Today is another game. This time I’m given a list of numbers and asked to mix it according to some given rules a certain number of times. Today is also the first time this year where I wrote part one, and then completely started over given part two.

## Challenge

The puzzle can be found here. I’m given a list of numbers, which represent numbered cups in a circle, such that the first comes after the last. The rules are simple. The active cup starts as the first cup in the original list. The next three cups are removed from the circle. The target is found to be cup with the value one less than the active cup (and if that cup isn’t in the circle, decrement again until it is found in the circle). The three cups are then inserted after the target cup, and the active cup moves to the new cup that is after the previous active cup.

In part one, there are 100 rounds with the given list.

In part two, the rules are the same, but there are two differences. First, while the input gives the order for cups 1-9, cups ten through one million are then also joined into the circle in numerical order. Second, instead of 100 rounds, there will be ten million.

## Solution

### Part 1

The scope of the problem in part one made it that I could solve this with a list of numbers, slicing and recombining to make the updated list:

#!/usr/bin/env python3

import sys

game = [int(x) for x in sys.argv[1]]
num_moves = int(sys.argv[2]) if len(sys.argv) > 2 else 100
glen = len(game)

for _ in range(num_moves):
pick = game[1:4]
game = game[0:1] + game[4:]
sgame = sorted(game)
dest = sgame[(sgame.index(game[0]) - 1) % (glen - 3)]
dest_idx = game.index(dest) + 1
game = game[1:dest_idx] + pick + game[dest_idx:] + game[0:1]

idx1 = game.index(1)
res = "".join([str(c) for c in game[idx1 + 1 :] + game[:idx1]])
print(f'Part 1: {res}')


Rather than track the active cup, I just moved the list such that the active cup was always at the front of the list. This made it easier so I didn’t have to worry about slicing beyond the end of the list.

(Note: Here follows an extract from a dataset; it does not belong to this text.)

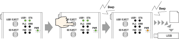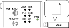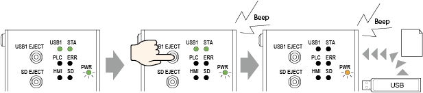 Release the touch, and within 30 seconds touch the [USB storage eject switch] and the buzzer will sound. After the buzzer, when you release the switch, the buzzer sounds again and upload from GP-4G01 to the Memory Loader begins. The power LED (PWR) flashes orange while uploading and the other LEDs remain off.

This runs in less than 0.1 second, and solves the challenge.

### Part 2

In theory, one might think I could just change the numbers and construct this new list for part two, but my solution above will be way too slow. slicing and building lists is a very slow action in Python. I’ll change strategies so that I keep a linked list. It will be a simple Python dictionary, where the key is a cup, and the value is the next cup after it. So to find out which cup comes after cup one, it’s kept in cuplist[1]. That also means to move a cup, I only have to change the value for the cup that used to point to it, the new cup that points to it, and the cup it points to.

I’ll create a function that takes a list of cups, the full padded length of the game, and the number of moves. I’ll make sure this function works on both part one and part two.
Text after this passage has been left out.